September 01, 2003

King David


On September 30, celebrated violinist David Oistrakh, one of the founders of the Russian violin school, soloist of the Moscow Philharmonic Society and Professor of the Moscow Conservatory, would have turned 95.

David Fyodorovich Oistrakh was born in 1908 in Odessa, and violin was one of his earliest memories. In his autobiography, My Way, Oistrakh wrote that, at the age of three and a half, he received a toy fiddle as a present. When he took the toy into his hands, he imagined himself a fiddler (a “sad” occupation widespread in Russia at the time). It seemed to him at that age that there could be no greater happiness than to wander the world playing the fiddle.

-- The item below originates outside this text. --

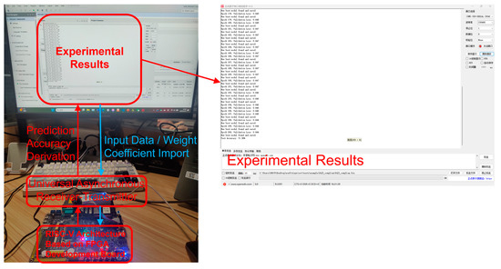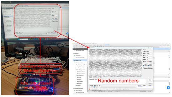 This paper implements the proposed algorithm on an edge device, with the experimental platform built on a RISC-V microprocessor system based on the Zynq-7020 development board. The hardware resource consumption is summarized in Table 9. The network model parameters and computation methods are compiled using C language and loaded onto the RISC-V processor, enabling online training and forward inference evaluation of random numbers. The experimental process is illustrated in Figure 8, where data are imported into the development board via the UART serial port. The board performs on-chip weight updates for both the training and test datasets. Finally, the training results are transmitted back to the PC via UART for prediction accuracy observation. This paper presents prediction experiments for the LC-RNG and ROs-RNG under two different randomness conditions. The experimental results are shown in Table 10. Although the on-chip training time is relatively long, approximately 30 min, the prediction accuracy is consistent with the PC-based results. This result preliminarily validates the feasibility of implementing the algorithm on edge devices. Future research will focus on optimizing the neural network model and incorporating hardware accelerators to enhance computational efficiency.

As it was, Oistrakh, who was a student of Pyotr Stolyarsky, the legendary teacher of many famous Russian violinists, made his debut at the age of just six. By the time he was 20, in 1928, he had performed very successfully in Leningrad. He moved to Moscow the same year and began to appear in joint concerts with leading soviet pianists (Konstantin Igumnov, Alexander Goldenveizer, Genrikh Neigauz).  Since 1934 he taught at the Moscow Conservatory. His fame went international when he took first prizes in the Warsaw (1935) and Brussels (1937) violin competitions, besting 59 violinists from 19 countries.